La loi de financement de la Sécurité sociale pour 2026 augmente le taux de la CSG sur les revenus du capital. La hausse concerne la plupart des revenus de placements perçus à compter de 2026, mais aussi certains revenus du patrimoine perçus dès 2025.
Le taux de la CSG sur les revenus du capital est porté de 9,2% à 10,6%, et le taux global des prélèvements sociaux de 17,2% à 18,6%, depuis le 1er janvier 2026. La hausse est applicable aux revenus produits par la plupart des placements. Elle vise notamment les livrets bancaires, les comptes à terme, les actions, les obligations, les plans d’épargne salariale (PEE, PEI…), le plan d’épargne en actions (PEA) et le plan d’épargne retraite (PER). Les intérêts, dividendes et autres gains générés par ces placements supporteront 10,6% de CSG désormais, et 18,6% de prélèvements sociaux en tout.
La hausse de la CSG va aussi s’appliquer, rétroactivement, à certains revenus générés par votre patrimoine depuis janvier 2025. Vous allez y être soumis sur vos loyers de meublés non professionnels, sur les arrérages de votre rente viagère à titre onéreux, ou encore sur la plus-value générée par la vente de vos titres de bourse ou de vos cryptomonnaies. Les revenus et gains de cette nature perçus en 2025 supporteront 10,6% de CSG (et 18,6% de prélèvements sociaux) sur leur montant imposable en septembre prochain.
La loi exclut certains revenus du patrimoine et certains produits de placements de la hausse de la CSG. Ainsi, les revenus fonciers issus de la location de biens non meublés perçus en 2025 (et après) resteront soumis à 9,2% de CSG, les plus-values immobilières imposables encaissées à partir de 2026 également.
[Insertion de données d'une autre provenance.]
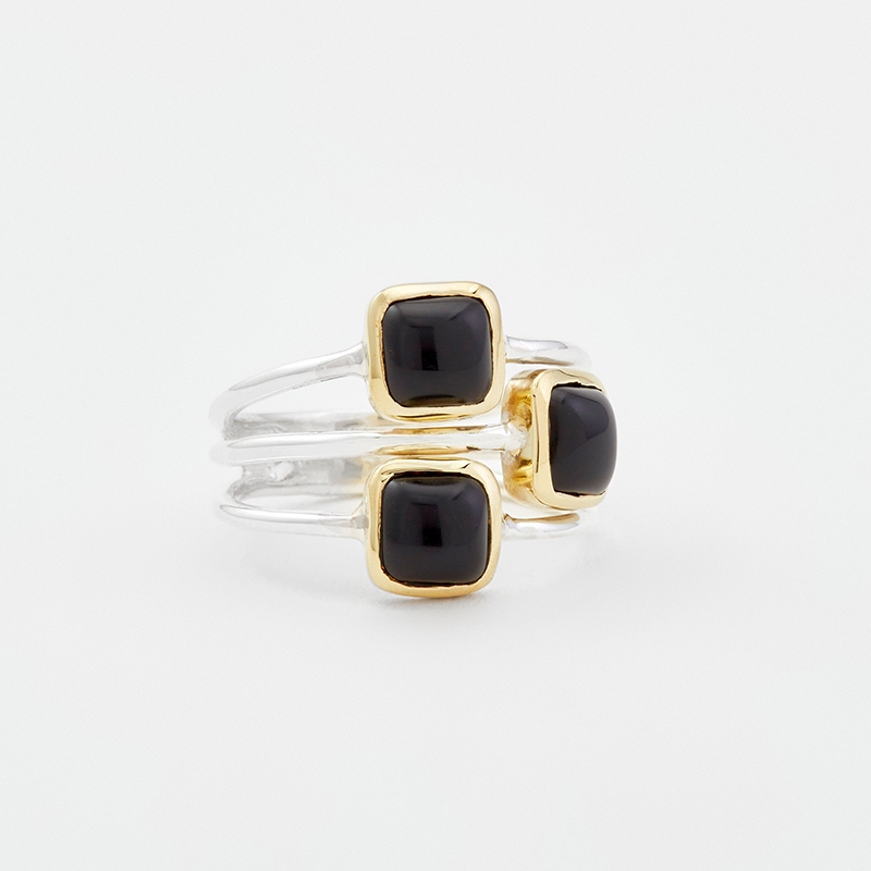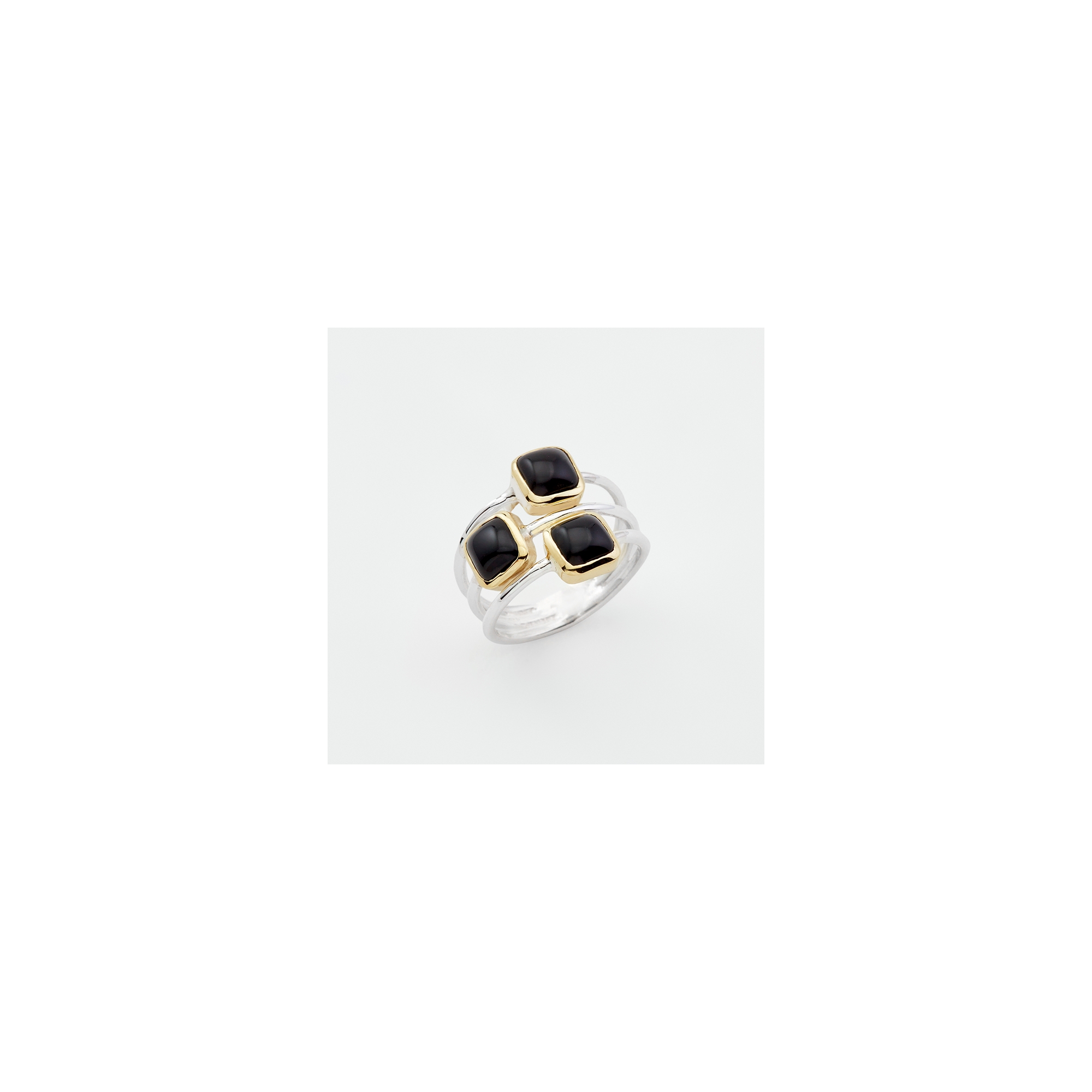 Bague en argent et laiton décorée de 3 carrés d'onyx noir chacun sur un anneau et légèrement décalés

Les revenus des contrats d’assurance vie (ou de capitalisation) perçus à compter de 2026 resteront aussi soumis à 9,2% de CSG. Idem pour les intérêts issus des plans et comptes d’épargne logement exonérés d’impôt, ainsi que pour les produits ou rentes issus des plans d’épargne populaire (PEP).
Les PER assurantiels ne sont en revanche pas exclus de la hausse de la CSG. Pourtant, ils relèvent du régime des contrats de capitalisation et leurs gains devraient donc rester soumis à 9,2% de CSG, comme les gains de l’assurance vie. Les précisions du fisc sont attendues sur ce point. En revanche, les PER bancaires s’apparentent à des comptes-titres, et les revenus produits relèvent du nouveau taux de CSG à 10,6%. Des précisions sont également attendues sur le sort du PEA assurance, distinct du PEA bancaire.